* THE PROBLEM *
Could you repeat exactly the lines from the one containing "pic.twitter.com/xXOTwEEz9A 2018-12-09 02:56:00" through the last line of the records, with no pictures?

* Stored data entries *
.....

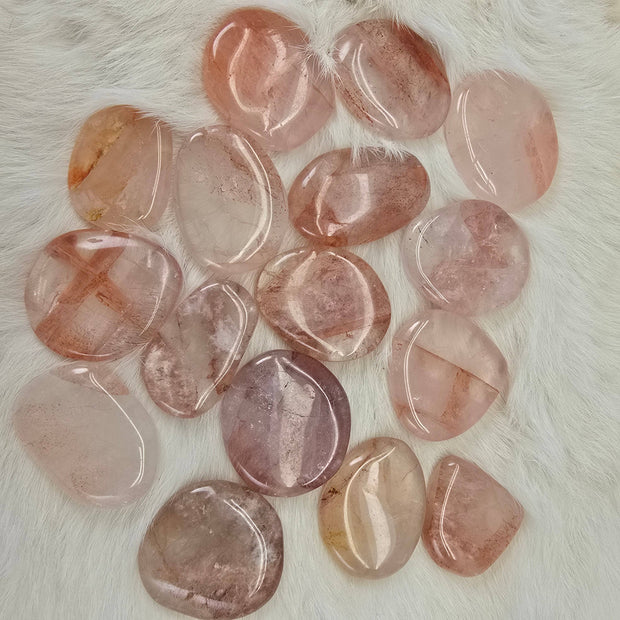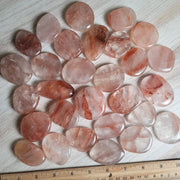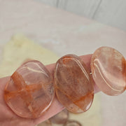 This listing is for a half kilo of palm stones. There are approximately 18 Pieces per .5 Kilos and they are from Madagascar. Fire Quartz, also known as Hematoid Quartz, is celebrated for its grounding and balancing energy. This stone is believed to enhance focus, dispel negativity, and boost self-confidence. It’s used in spiritual practices to stabilize emotions, clear the mind, and foster a sense of peace. Fire Quartz is thought to harmonize the root and sacral chakras, promoting a balanced connection between mind, body, and spirit. Scientifically, Fire Quartz is quartz (SiO₂) with inclusions of hematite (Fe₂O₃), giving it its distinctive reddish, flame-like streaks. The mineral has a Mohs hardness of 7.
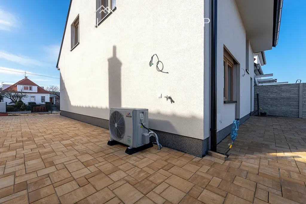 Dům je vybaven podlahovým vytápěním a rozvedenou přípravou na klimatizaci a FVE. Plastová okna Schucko s izolačním trojsklem a přípravou na hliníkové bezpečnostní rolety s elektrickým pohonem na oknech a střešní okna VELUX. Interiér je vybaven prémiovými materiály, včetně vinylových podlah, keramických obkladů, sanity a vnitřních designových dveří. O efektivní vytápění se stará tepelné čerpadlo, na které je napojen 200 l elektrický bojler, který se vyznačuje úsporným provozem. Tepelné čerpadlo vytápí, ale i chladí.
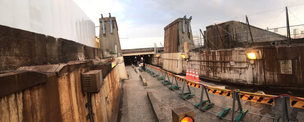 高輪ゲートウェイ駅の工事で通行できなくなる前に行っておきたかった、高輪橋架道橋。海抜が低いため建設当時の技術では排水の問題で深く掘ることができず、「(タクシーの)提灯殺し」の異名を持つ高さ制限1.5mの低い通路になってしまったとか。 pic.twitter.com/xXOTwEEz9A 2018-12-09 02:56:00
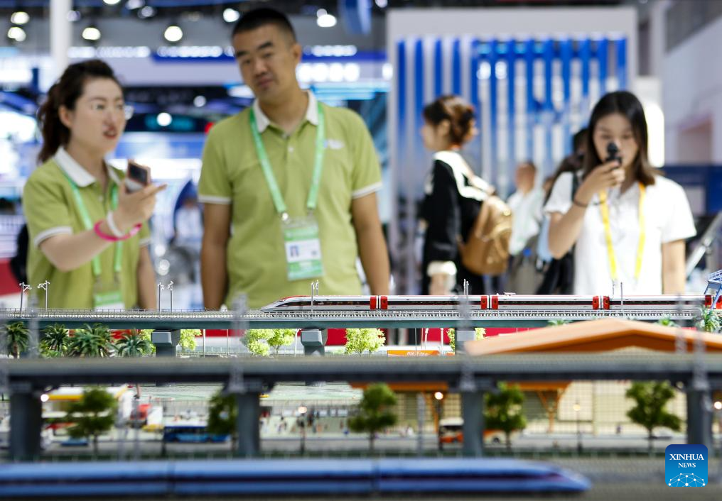 Visitors view a sand table model displayed by China Railway Rolling Stock Corporation (CRRC) at the Advanced Manufacturing Chain area during the third China International Supply Chain Expo (CISCE) in Beijing, capital of China, July 17, 2025. Themed on "Connecting the World for a Shared Future," the expo, hosted by the China Council for the Promotion of International Trade, kicked off in Beijing on Wednesday.
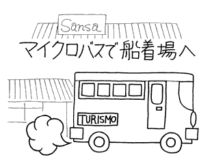 空港から船着場まで、マイクロバスでトコトコ走る。庶民の生活をかいま見る、貴重な時間。
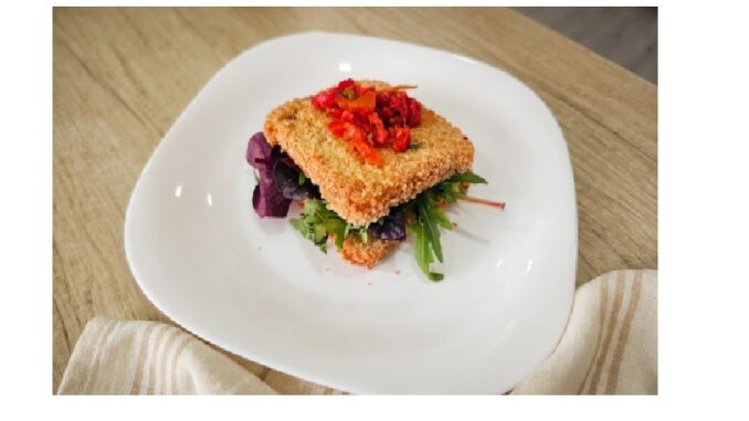 Mod de preparare: „Construiesc sandwich-ul. Pun mozzarella, șuncă (sau doar legume, dacă vreau varianta vegetariană), ardei copți și puțină salată între două felii de pâine toast. Apoi îl trec printr-un proces în 3 pași, ca să obțin crusta aceea crocantă: Mai întâi îl dau prin făină, apoi prin ou bătut, iar la final prin pesmet. Îl pun într-o tigaie cu ulei încins și îl prăjesc pe fiecare parte până devine auriu și crocant. În interior, mozzarella se topește și leagă toate ingredientele, iar exteriorul capătă textura aia care face diferența.” (reţetă Adi Hădean)
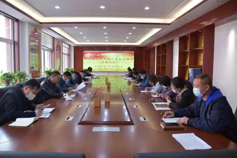 2021年11月18日上午,吴忠市第三中学党总支召开会议,认真学习传达党的十九届六中全会精神。学校党总支领导班子成员参加会议,各党支部书记、委员、中层干部列席会议。校党总支书记、校长马云飞主持会议并讲话。

.....

* ANSWER TO THE PROBLEM *
 高輪ゲートウェイ駅の工事で通行できなくなる前に行っておきたかった、高輪橋架道橋。海抜が低いため建設当時の技術では排水の問題で深く掘ることができず、「(タクシーの)提灯殺し」の異名を持つ高さ制限1.5mの低い通路になってしまったとか。 pic.twitter.com/xXOTwEEz9A 2018-12-09 02:56:00
 Visitors view a sand table model displayed by China Railway Rolling Stock Corporation (CRRC) at the Advanced Manufacturing Chain area during the third China International Supply Chain Expo (CISCE) in Beijing, capital of China, July 17, 2025. Themed on "Connecting the World for a Shared Future," the expo, hosted by the China Council for the Promotion of International Trade, kicked off in Beijing on Wednesday.
 空港から船着場まで、マイクロバスでトコトコ走る。庶民の生活をかいま見る、貴重な時間。
 Mod de preparare: „Construiesc sandwich-ul. Pun mozzarella, șuncă (sau doar legume, dacă vreau varianta vegetariană), ardei copți și puțină salată între două felii de pâine toast. Apoi îl trec printr-un proces în 3 pași, ca să obțin crusta aceea crocantă: Mai întâi îl dau prin făină, apoi prin ou bătut, iar la final prin pesmet. Îl pun într-o tigaie cu ulei încins și îl prăjesc pe fiecare parte până devine auriu și crocant. În interior, mozzarella se topește și leagă toate ingredientele, iar exteriorul capătă textura aia care face diferența.” (reţetă Adi Hădean)
 2021年11月18日上午,吴忠市第三中学党总支召开会议,认真学习传达党的十九届六中全会精神。学校党总支领导班子成员参加会议,各党支部书记、委员、中层干部列席会议。校党总支书记、校长马云飞主持会议并讲话。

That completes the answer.